The generating means generates a plurality of representative points from the learning data,
The information processing apparatus according to claim 2, wherein the calculation unit calculates the loss based on a distribution of the plurality of representative points and the auxiliary data.

The information processing apparatus according to claim 2, wherein the calculation unit calculates the loss based on a weight given to the representative point and the auxiliary data.

The information processing apparatus according to claim 2, wherein the representative point generation unit generates a representative point based on a model of a hostile generation network.

The information processing apparatus according to claim 2, wherein the representative point generation unit generates a representative point for each layer of a plurality of layers.
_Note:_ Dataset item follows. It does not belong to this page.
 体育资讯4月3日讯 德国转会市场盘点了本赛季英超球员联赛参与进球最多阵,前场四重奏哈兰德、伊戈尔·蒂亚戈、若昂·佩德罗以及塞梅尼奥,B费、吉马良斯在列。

The information processing apparatus according to claim 2, wherein the representative point generation unit generates a representative point from data having time series.
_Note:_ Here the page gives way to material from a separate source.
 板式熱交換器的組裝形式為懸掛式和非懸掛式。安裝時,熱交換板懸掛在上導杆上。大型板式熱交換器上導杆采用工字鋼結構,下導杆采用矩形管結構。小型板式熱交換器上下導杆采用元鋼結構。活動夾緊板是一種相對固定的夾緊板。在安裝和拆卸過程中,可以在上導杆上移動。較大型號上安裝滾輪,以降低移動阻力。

An information processing method executed by an information processing device, comprising:
An acquisition process for acquiring recognition target data,
A mapping step of mapping the recognition target data to a feature space,
A generation step of generating a plurality of points in at least one of the feature space and the data space of the recognition target data;
A comparison step of comparing the recognition target data and the plurality of points in at least one of the feature space and the data space;
An output step of outputting a recognition processing result based on the result of the comparison,
An information processing method comprising:

An information processing method executed by an information processing device, comprising:
A selection step of selecting auxiliary data corresponding to the recognition target data from the plurality of held learning data,
A first generation step of generating a representative point from the learning data,
A calculation step of calculating a loss based on the representative point and the auxiliary data,
A learning step of performing a learning process based on the loss;
An acquisition process for acquiring recognition target data,
A second generation step of generating a representative point of the recognition target data based on the result of the learning;
A comparing step of comparing the recognition target data and a representative point of the recognition target data,
An output step of outputting a recognition processing result based on the result of the comparison,
An information processing method comprising:

A program for causing a computer to function as each unit of the information processing apparatus according to claim 1.